Wagenknecht comes across as authentic — and is an unyielding voice in debates on migration policy, the coronavirus pandemic, and on the war in Ukraine. This may also be one of the reasons why, despite her current commitment to “small business,” courting ordoliberal economics, she continues to be held in high regard by some on the left of Die Linke. Wagenknecht’s admirers are not limited to disgruntled supporters of the left-wing party, for the public are tired of politicians who are merely party spokespeople and always love mavericks who have made a name for themselves by going against the prevailing tide of their own parties — from Heiner Geißler, the Christian-Democratic critic of capitalism, to Wolfgang Kubicki, who likes to present himself as a rebel within Free Democrat ranks.

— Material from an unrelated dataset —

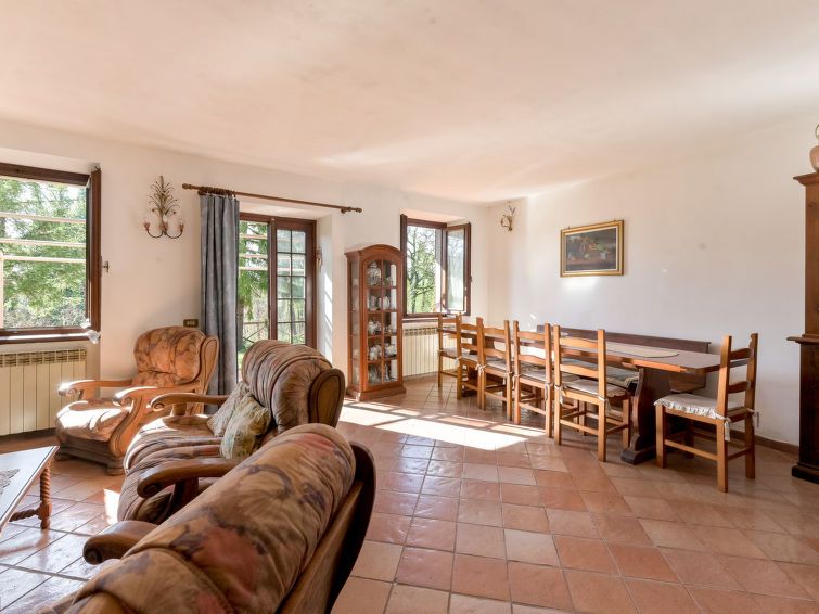 5-room house 130 m2 on 2 levels. Spacious, practical and rustic furnishings: living/dining room with open-hearth fireplace, dining table and TV. Exit to the terrace. Kitchen (mini-oven, 4 gas rings, toaster, electric coffee machine). Bath/bidet/WC, double hand-basin. Upper floor: 3 double bedrooms.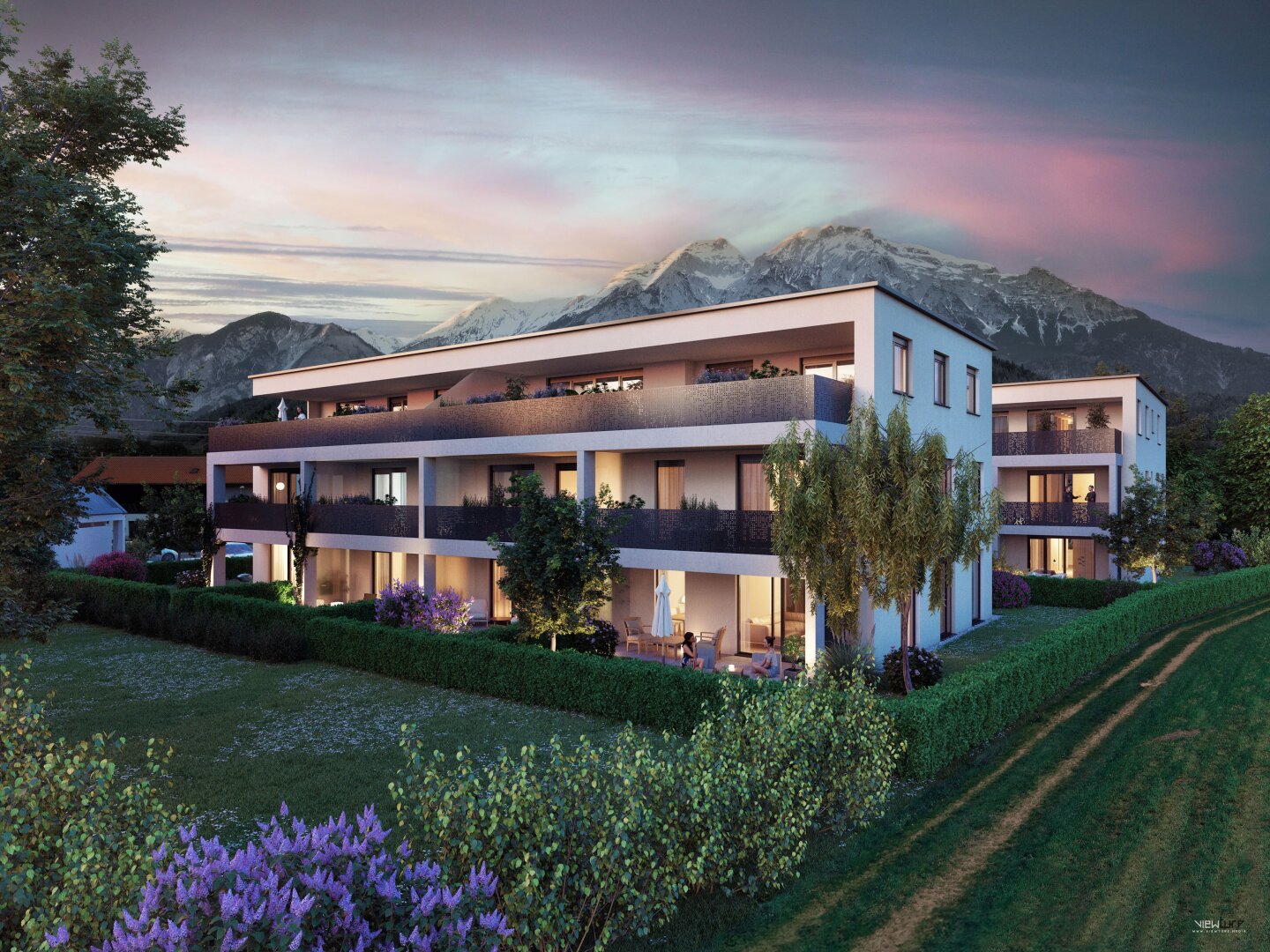 Alle Gärten, Terrassen und Balkone sind nach Südwesten – zur Sonne hin – ausgerichtet.

Culture War or Class Politics
Germany is stuck with a toxic polarization between a seemingly “progressive” government establishment and a radical right-wing alternative, with the Christian-Democrats — magnetically attracted to the right-wing pole — oscillating between the two. A Wagenknecht party has the potential to escape this dynamic. If the establishment of the party succeeds, a diffuse populist project could form around Wagenknecht that cannot be clearly categorized as belonging to the left or right of the party-political spectrum. It could also even be a party project with a structurally left-wing approach, finding its place in the gap in the party system for a political force focused on distributional policies.

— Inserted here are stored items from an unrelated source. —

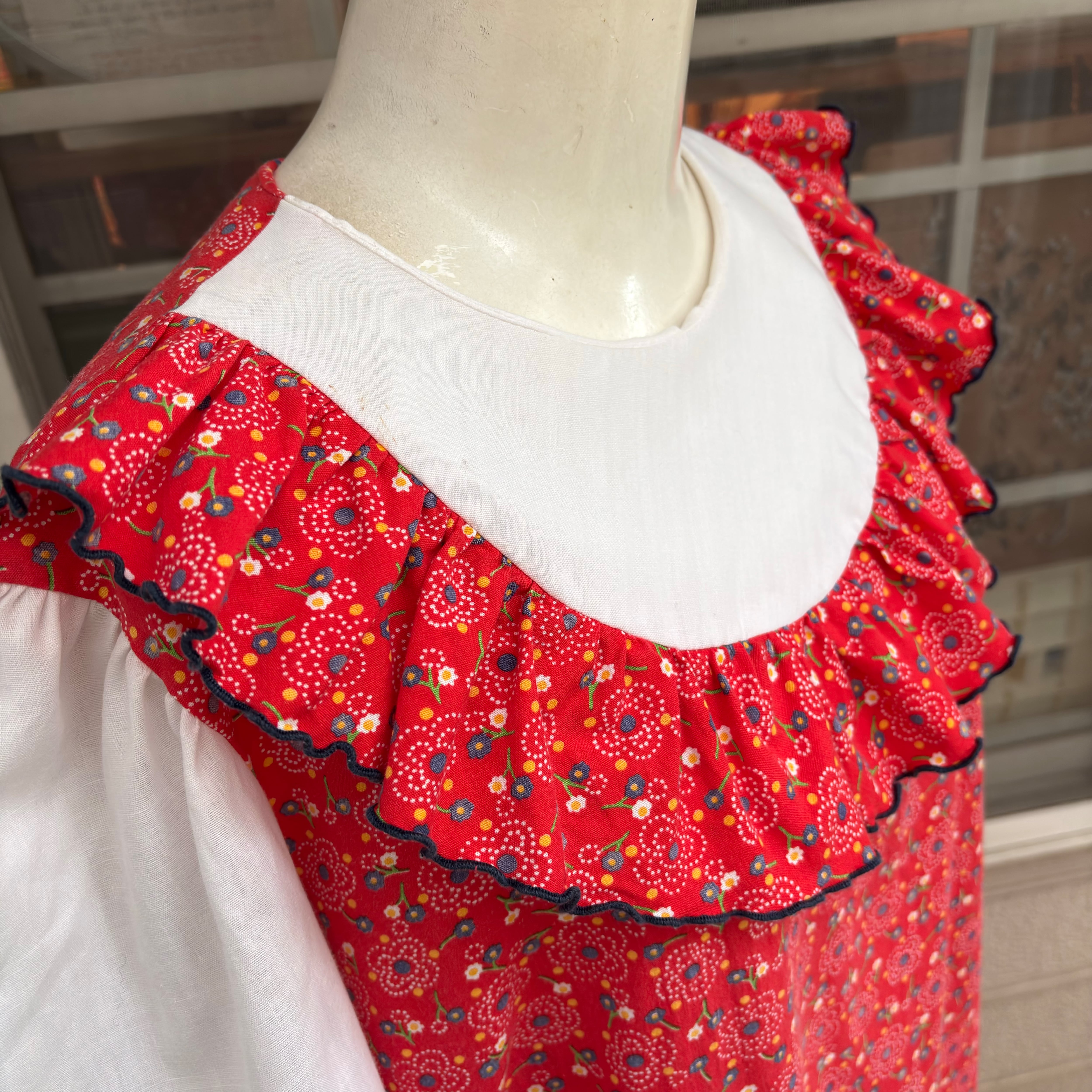 70年代 ヴィンテージ 当時のハンドメイド1点もの フラワー柄 フリルライン バックボタン トップスです。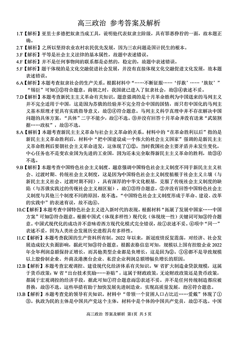 【浙江卷】浙江省金丽衢十二校、七彩阳光等校2022-2023学年高三下学期3月联考政治学科参考答案及解析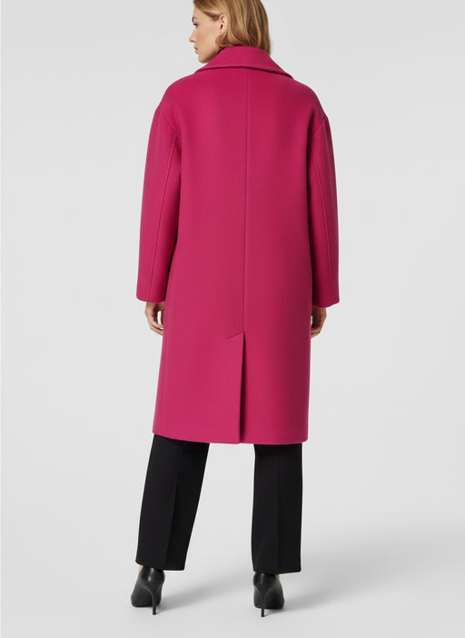 Kelebek yaka, düğme kapatmalı, kruvaze yün palto 2 adet cepli. % 75 Yün % 25 Polyester
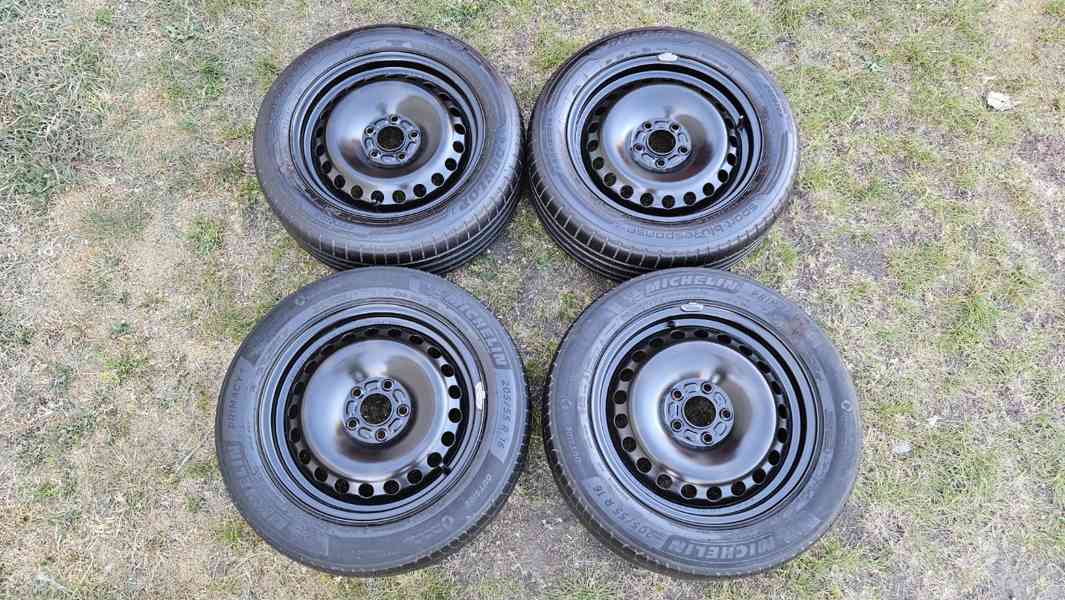 Ford Mondeo, Focus, C-Max letní kola pneumatiky 205/55 R16 plechové disky, ráfky 6,5Jx16 5x108 ET52,5 střed 63,3mm, cena je za sadu 4 kusů, vyzvednutí Kralupy, sada letních pneumatik, disků na Focuse, prodej, prodám, 205/55/16, 205 55 16.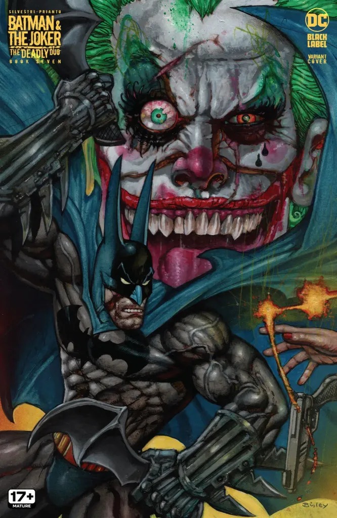 Batman and the Joker have fought across streets, rooftops, railways and caverns, against horrors beyond of their wildest nightmares. Deep underground, witnesses to an undead wedding from Hell, they finally go up against their bitterest enemies: each other! Can the Dark Knight and the Clown Prince of Crime save Commissioner Gordon and Harley Quinn, or will the flames of their reignited rivalry consume all? Find out, detail by bloody detail, in the epic conclusion to Marc Silvestri’s dark and brutal Gotham opus. This oversized finale clocks in at 31 beautiful and horrifying story pages.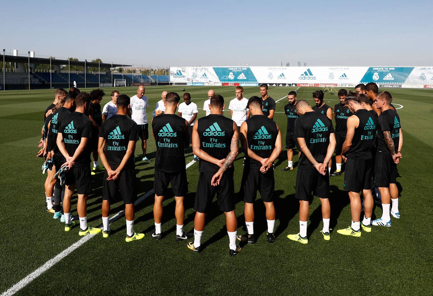 После проведения минуты молчания в память о жертвах терракта, произошедшего в Барселоне, футболисты приступили к занятию, основное внимание во время которого было уделено работе с мячом. Игроки оттачивали навыки точности паса, диагональных передач и ударов по воротам. Матео Ковачич тренировался по индивидуальной программе в тренажерном зале, а Хесус Вальехо продолжает восстановление от травмы.

There is, however, a serious danger that Wagenknecht could focus on trying to win over the not inconsiderable number of voters from the Right by relying on nationalist, antimigration, and culture-war rhetoric. Whether BSW can instead become a left-wing project will depend on how far trade-union voices are heard in the new party. To achieve this, Wagenknecht will have to resolve the obvious contradiction between being in favor of higher wages, collective bargaining, and pensions, and her now-common emphasis on better conditions for small and medium-sized enterprises. The question is whether she is willing to eventually come out clearly in favor of working people, even if it means bad news for small capitalists. Or, indeed, whether the influx of left-wing activists into BSW will force her to do this — against her own will, but as the price she pays for having a politically experienced membership base.

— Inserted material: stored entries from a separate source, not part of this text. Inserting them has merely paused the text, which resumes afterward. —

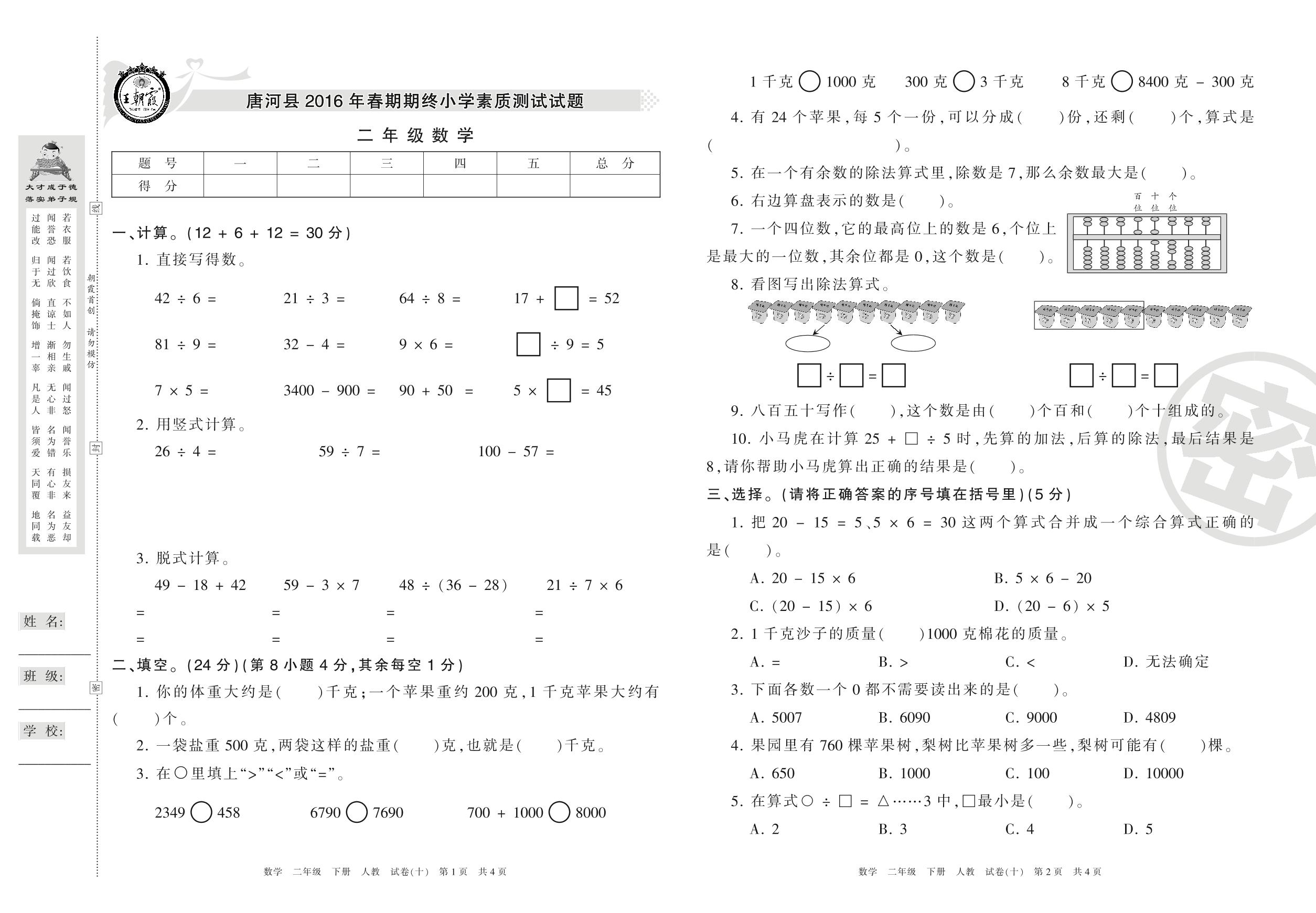 2015-2016学年第二学期南阳市唐河县二年级数学试卷(人教版)【10】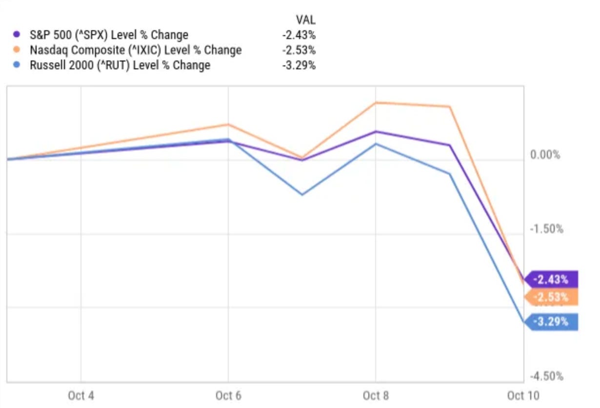 Tariffs took the headline again this week, and that resulted in big drops. The S&P 500 was down 2.43%, the Nasdaq 2.53% and the Russell 2000 even 3.29%.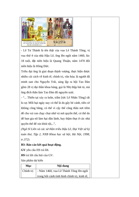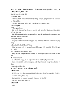 - Trình bày được bối cảnh lịch sử, nội dung, kết quả, ý nghĩa cuộc cải cách của Lê Thành Tông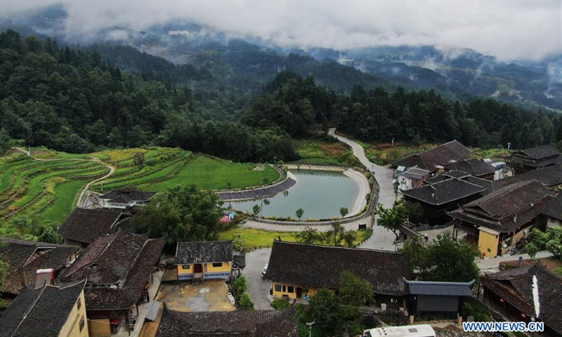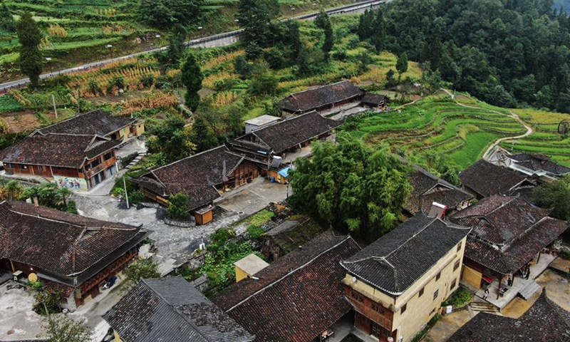Aerial photo taken on Sept. 4, 2020 shows the scenery of a village in Houping Township in Wulong District, southwest China's Chongqing. Wulong carries out ecological-tourism according to its mountainous environment in recent years. By improving the accommodation level and capacity of the villages, rural tourism has been developed, which helps people here get rid of poverty without working far away from home.Photo:Xinhua

The left wing of the Social Democratic Party, Die Linke, and the socialist left as a whole could benefit if an essentially class-political movement were able to develop around the BSW party project. The ideal scenario would be a party that campaigns for necessary renewal and that opposes the “unimaginativeness of the establishment,” as the historian and political scientist Hans-Jürgen Puhle once aptly described it. But precisely because Wagenknecht sounds conservative in terms of social policy and is clearly trying to avoid being perceived as a left-winger, she represents a greater electoral threat to the Right than to the Left. Polls suggest that Die Linke would hardly lose any votes to BSW, as their voter milieus are too different.
Many of Wagenknecht’s statements are difficult to digest, as she takes notes from the AfD playbook and feeds resentment against migrants. Yet, a new party with her at its helm could have a significant impact on our current populist moment. The rise of the AfD could be slowed down and perhaps even stopped. The debate could return from cultural dividing lines to the structural socioeconomic issues where the Left is strongest and where the failure of the establishment to act is preparing the ground for fascism. Serving an anti-fascist function of this kind would not be the only paradox in Wagenknecht’s contradictory project.